Sweating • Cools the body as heat is lost when sweat evaporates from the skin. • When humidity is high, sweat evaporation is limited. Internal Body Temperature • Regulated by the thermoregulatory centre in the hypothalamus of the brain. • Responds with mechanisms such as vasodilation, sweating, vasoconstriction, shivering. The Blood • During exercise in hot conditions a large amount of blood must be shared by the skin (to cool the body) and working muscles. This reduces the amount of blood returning to the heart, reducing stroke volume and sporting performance. The Heart • In hot conditions the body can suffer from hyperthermia (high body temperature). • Aerobic ability is reduced in high temperatures. HR increases to provide blood flow to the skin. Fatigue is more rapid. Fluid Intake • Heat exposure can lead to hypohydration (dehydration).
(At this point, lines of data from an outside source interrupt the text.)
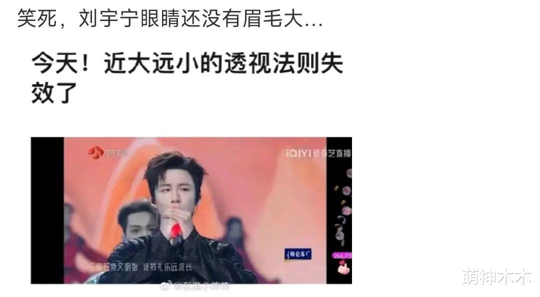 刘宇宁和曾舜晞唱了江苏卫视的开场节目,但是有些尴尬的是,刘宇宁的眉毛画得太粗了,他的眼睛又不大,这就让观众看着很奇怪。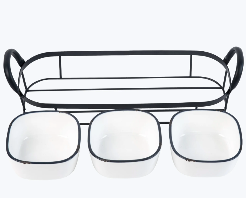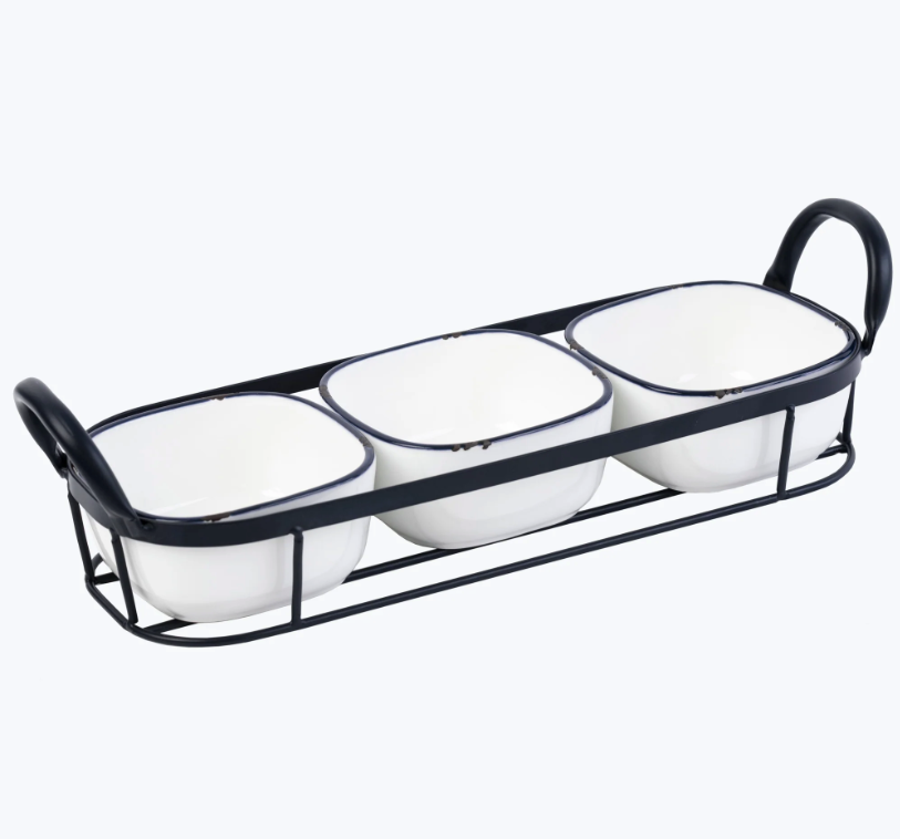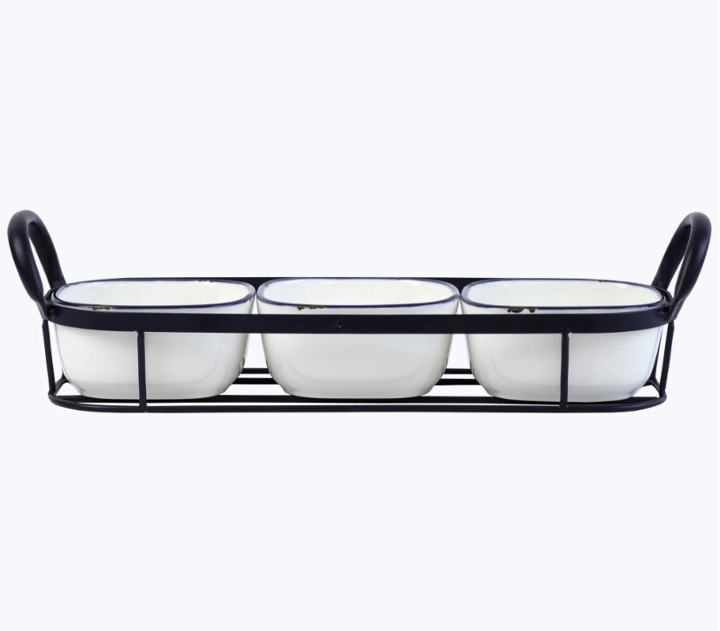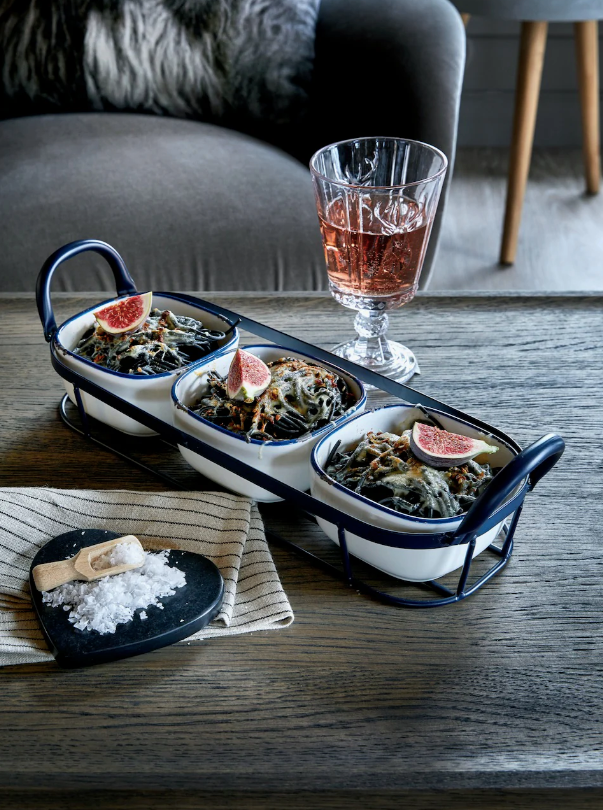 Servera de ljuvligaste maträtter i Othilia eldfasta former. Perfekt till tacos, tapas och gratinerade rätter. De eldfasta porslinsformerna kan ställas i stativet direkt på bordet - superpraktiskt! Den mörkblå kanten på formen är handmålad och ger Othilia en nostalgisk och hemtrevlig stil. Stativ i pulverlackerat järn medföljer.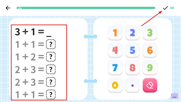 4、在口算练习页面,完成题目后点击右上角对勾提交答案。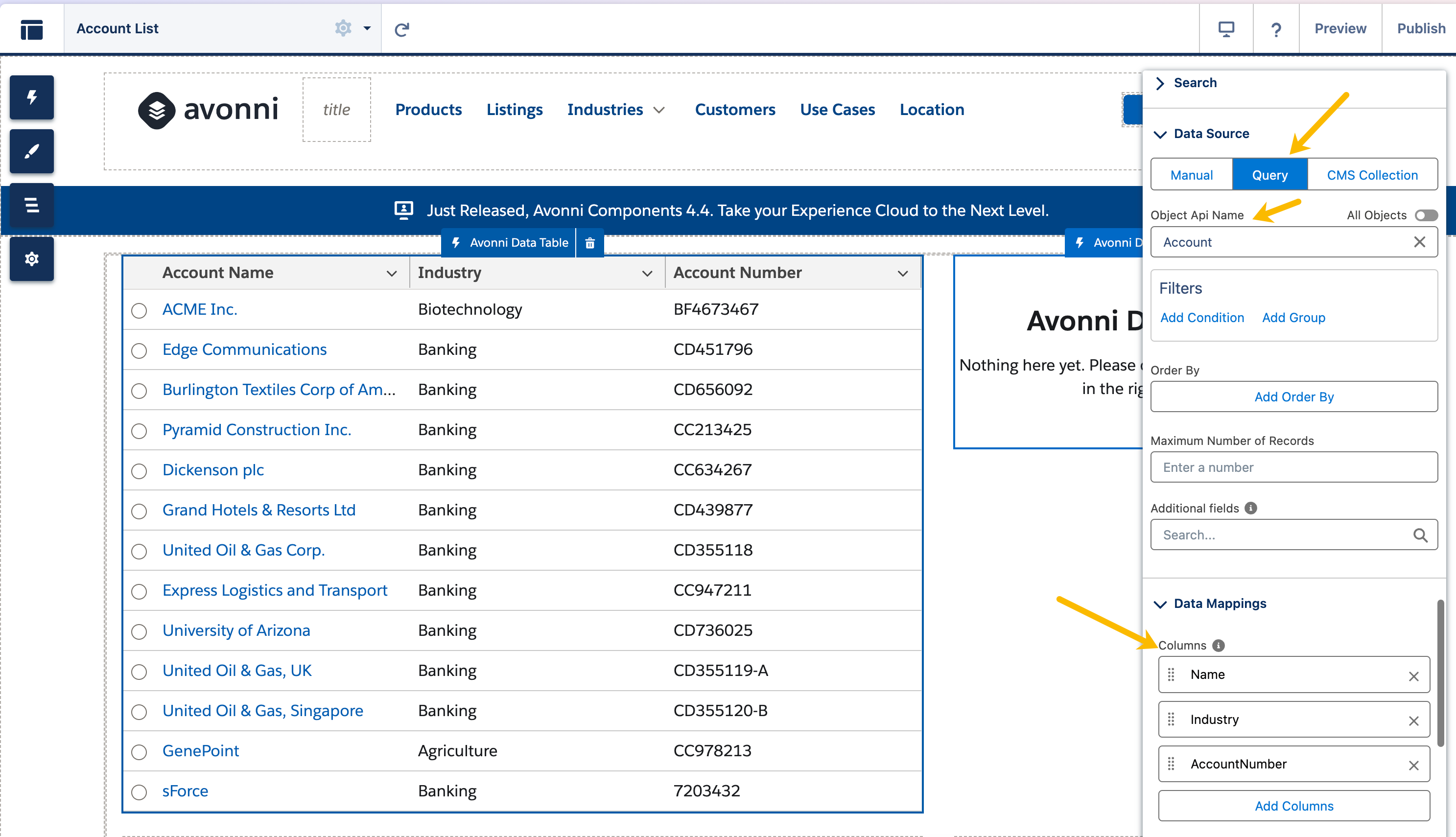 * このテーブルにAPI名を設定していることを確認してください `accountsDatatable`.

This has a great negative effect on sporting performance. • It is essential to rehydrate regularly (remember that thirst is a poor indicator of dehydration).
Measuring the Intensity of Training Lactate Sampling: • Elite athletes need to train at an intensity near their VO2 max. • It is essential that training intensity can be accurately measured. • Lactate sampling involves taking a minute sample of the performers blood to detect the level of lactate present. • If lactate levels rise above resting levels during exercise it is because anaerobic exercise is taking place. • The lactate threshold is 2mmol above resting levels (OBLA is 4mmol). • The higher the intensity of exercise at which lactate threshold occurs, the fitter the athlete.
The Respiratory Exchange Ratio • The ratio of CO2 released to O2 used by the body (VCO2/VO2). • Used to estimate relative contributions of fat and carbohydrate to ATP resynthesis. • RER works because fat and carbohydrate differ in terms of the amount of O2 used and CO2 produced during energy production. • When fat is the major fuel the amount of O2 being consumed will be high and RER will be low (and vice versa for carbs). • RER is measured used a cycle ergometer and a gas analyser. • When RER is 0.70, 100% of energy is coming from fat. When RER is 1.00, 100% of energy is coming from carbs. • Fat is not used as an anaerobic energy source. RER can therefore be used to determine whether exercise is aerobic or anaerobic. • The use of lab equipment limits this to cyclists, rowers and runners.
Over to you... • These slides cover an enormous amount of information (p61-78 of A2 textbook). Much of this info has been greatly condensed. • Extended learning task: review these notes and then use your textbook for greater detail. • Answer questions 1-4 on p78 to ensure that you have understood the information.